Diz-se que “os smartphones são os maiores depósitos dos pecados, actualmente”. A frase pode parecer humorística, mas é mais verdadeira do que ousamos admitir. Porque, se Deus quisesse julgar a humanidade hoje, não precisaria de abrir os livros celestiais. Bastava-lhe exigir:
“Entreguem-me os vossos telefones.”
E, nesse instante, o céu ficaria vazio.
O smartphone tornou-se extensão da identidade, da memória, do desejo e da tentação. Tudo cabe ali:
— vídeos que jamais deveriam ter sido gravados;
— conversas que contradizem o carácter público de cada um;
— fotografias que revelam máscaras privadas;
— áudios que traem intenções;
— documentos escondidos a sete chaves;
— pesquisas que revelam o lado obscuro da curiosidade humana.
Nenhuma igreja, nenhum confessionário, nenhuma instituição religiosa, política ou jurídica acumulou tanta verdade humana como um simples telefone de bolso. É ali que cada pessoa guarda o que não ousa partilhar — não pela sua imoralidade em si, mas pela nudez que representa.
O telefone não mente.
O telefone não esquece.
O telefone não perdoa.
Vivemos numa era contraditória: publicamente moralistas, privadamente libertinos; socialmente indignados, secretamente cúmplices de tudo aquilo que criticamos. As redes sociais fabricam uma imagem purificada, enquanto o smartphone arquiva a verdadeira biografia moral — uma história que ninguém tem coragem de publicar.
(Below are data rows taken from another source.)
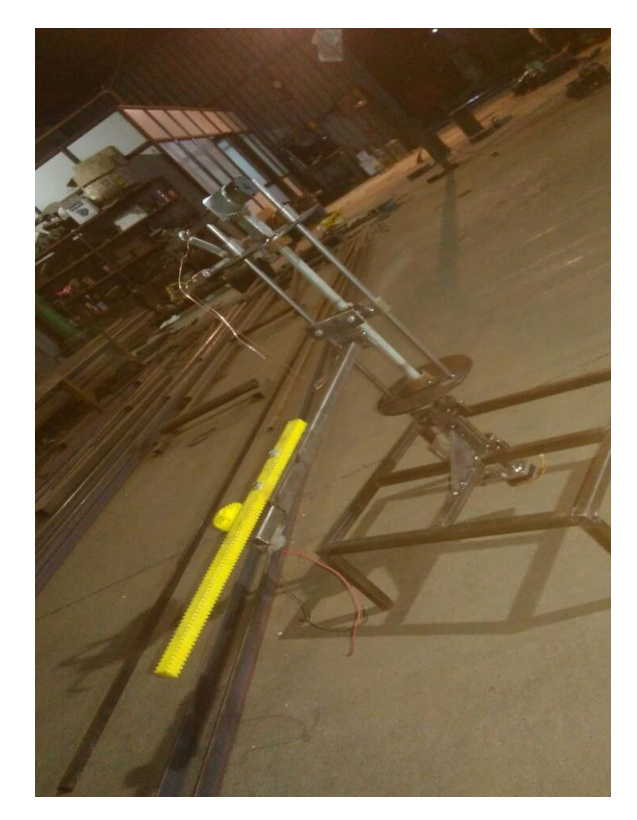
Fig.1 mechanical model

The mechanical model of the inclined drilling arm is shown in the figure as follows:
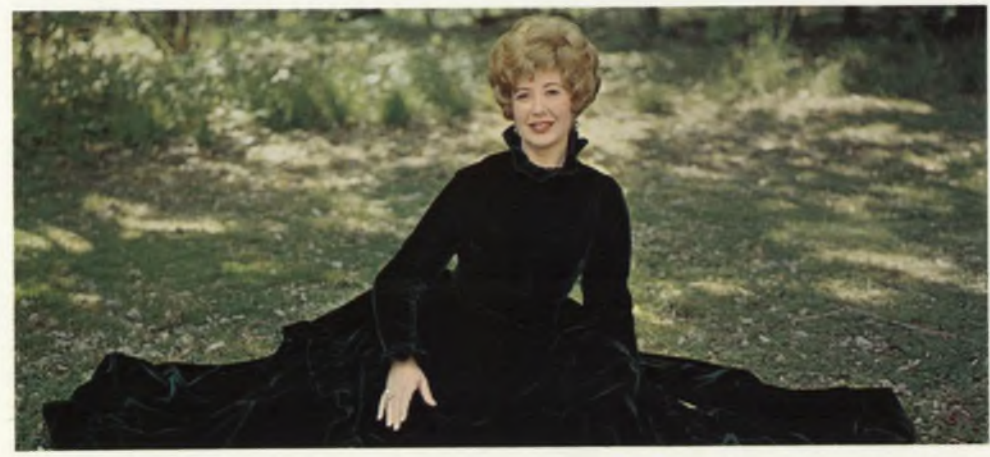
Beverly Sills, internationally famous soprano, recording on Westminster Records.
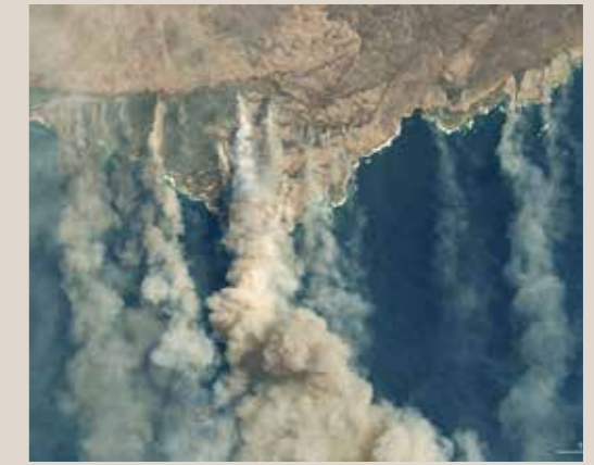
Figure 5: Smoke billows from the Kangaroo Island bushfire and out across the ocean.

By mid-January, smoke from the Australian bushfires had circumnavigated the globe 32 . New Zealand glaciers turned brown with ash that had blown in from the Australian bushfires, prompting Professor Andrew Mackintosh,
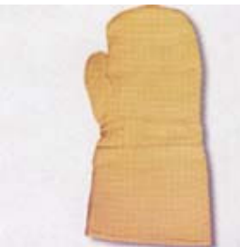
Art No. KYW/600/2 Aramid Temp. upto :650° C size : 30 to 42 cm
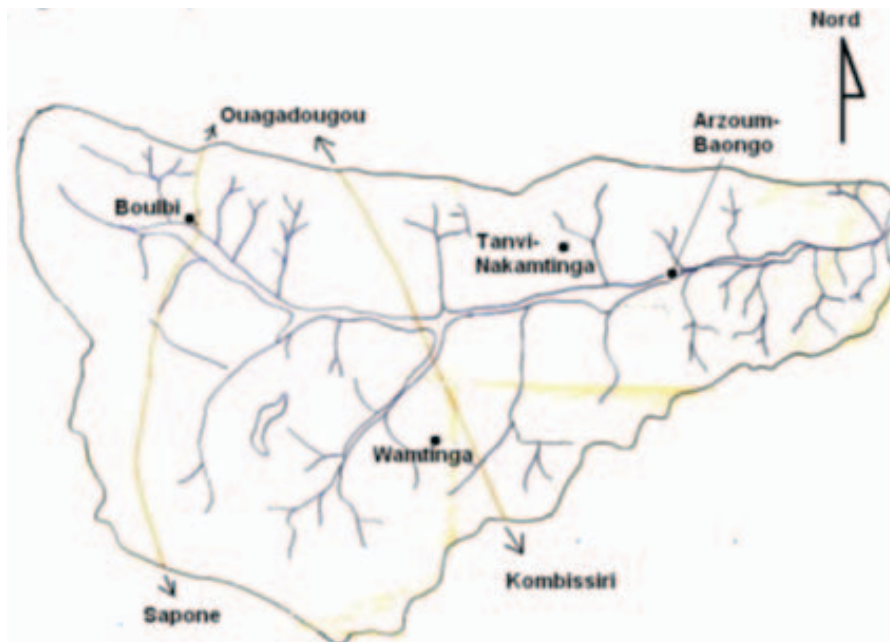
Figure 1: Villages where community level fieldwork has taken place

Previous to the scenario analysis a baseline assessment of the current resource-based livelihood strategies was done 1 . Focus groups were first held in four villages: Arzoum Baongo, Tanvi-Nakamtinga, Wantinga, and Boulbi (see Figure 1) with groups of Farmers concentrating on rainfed agriculture, Farmers utilising irrigation for gardening and agriculture, Pastoralists, and Fishermen. The number of participants is presented in table 1.
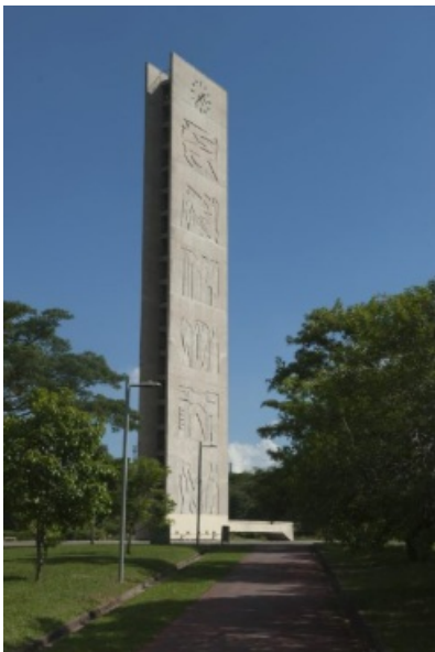
View of the Clock Tower on the Butantã campus of the University of São Paulo.
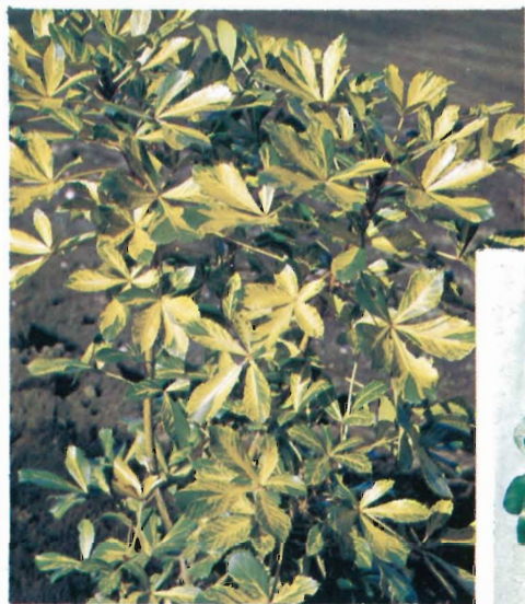
PSEUDOPANAX LESSONII GOLD SPLASH
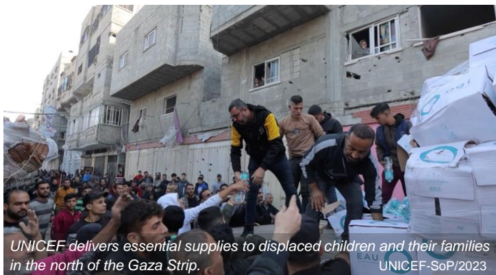
UNICEF delivers essential supplies to displaced children and their families in the north of the Gaza Strip.

The resumption of the hostilities, coupled with a lack of power supply, fuel shortages, restricted access, and infrastructure damage, have significantly impeded the availability and access of water supply, sanitation, and hygiene services to the affected population in the Gaza Strip. In response to the urgent WASH humanitarian needs, during the reporting period, UNICEF provided 660,000 litres of life-saving bottled water distributed to non-UNRWA schools, hospitals, and host communities in Deir Balah, Khan Younis, Rafah, and in the north of Gaza, benefitting a total of over 220,000 people, including over 110,000 children. Out of the stated amount, 264,000 litres were distributed in the north of Gaza. Moreover, the UN provided over 118,000 litres of fuel to operate more than 66 public and private water wells, desalination plants, and water trucking, reaching more than 1 million people, including over 560,000 children with clean water for drinking and domestic needs in Deir Al Balah, Khan Younis, Rafah and parts of North Gaza.
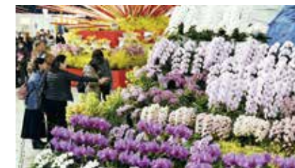
Venue of the Japan Grand Prix International Orchid and Flower Show 2020 (in Bunkyo Ward, Tokyo, in February 2020)

We have also launched other events such as the Japan Grand Prix International Orchid and Flower Show, one of the world's largest orchid festival, as well as the Yomiuri Shoho Exhibition, one of Japan's largest public exhibition of traditional calligraphy based on the classics.
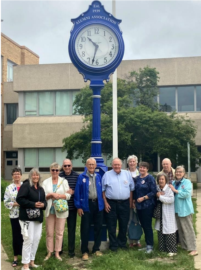
Members of the Class of 1959 rock around the clock.
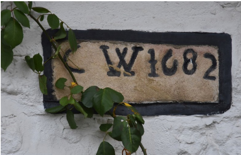
G 1682 plaque on Hope Cottage
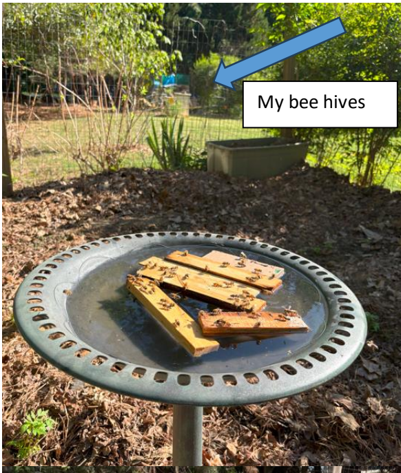
My bee hives
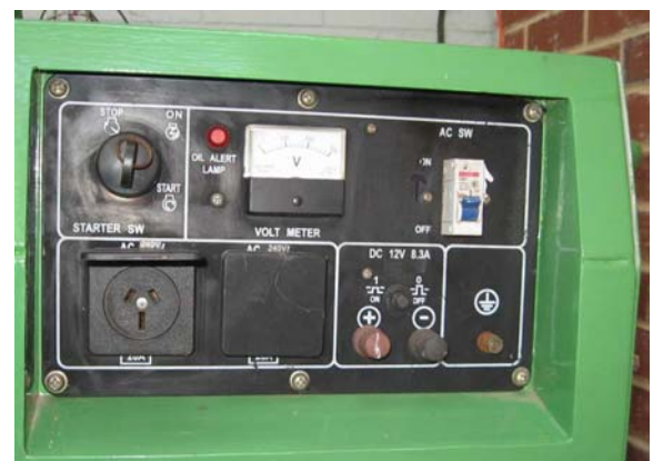
5 kW Diesel generator running on biodiesel

A distância entre quem somos e quem exibimos nunca foi tão grande. E quanto maior a distância, maior a ansiedade, a culpa e a sensação de falha existencial.
O smartphone lembra-nos disso todos os dias.
No passado, dizia-se que a tentação sussurrava. Hoje, ela vibra, acende luzes, envia notificações e oferece atalhos para desejos instantâneos. A tentação deixou de ser uma provação espiritual: tornou-se uma funcionalidade do sistema operativo.
Os sete pecados capitais ganharam novo formato:
— Luxúria: em vídeos, chats, fotografias escondidas em pastas disfarçadas.
— Inveja: em timelines que exibem vidas perfeitas e irreais.
— Ganância: em esquemas, golpes e sonhos de dinheiro fácil.
— Soberba: em selfies, filtros e a procura desesperada por validação.
— Gula: no consumo compulsivo de conteúdo, notícias, escândalos.
— Ira: em comentários, ataques digitais, cancelamentos.
— Preguiça: no deslizar infinito do ecrã.
O smartphone é o espelho onde os pecados deixam de ser abstractos e passam a ter forma, data, hora e backup automático.
Imagine o último dia. Não há tronos, nem trovões, nem pergaminhos celestiais. Apenas um pedido simples:
“Desbloqueia o teu telefone.”
Esse seria o maior teste moral da modernidade.
E, provavelmente, o mais devastador.
Porque ninguém se salvaria.
Não porque somos necessariamente maus, mas porque somos humanos — e a tecnologia tornou visível aquilo que antes apenas o íntimo conhecia. Se o pecado sempre existiu, o smartphone apenas o arquivou com melhor resolução.
Mas o smartphone não é apenas condenação. Também pode ser um espaço de cura, de consciência, de reeducação emocional e espiritual. A tecnologia, afinal, não tem moral própria: reflecte a moral de quem a usa.
O problema não está no dispositivo.
Está na humanidade que ele revela.
A grande questão passa a ser:
Estamos preparados para ver-nos como realmente somos?
Porque, no fim, cada smartphone é uma pequena arca onde guardamos as verdades que tememos confessar — e talvez a salvação comece quando assumirmos que nenhum de nós é tão puro quanto a imagem que publica.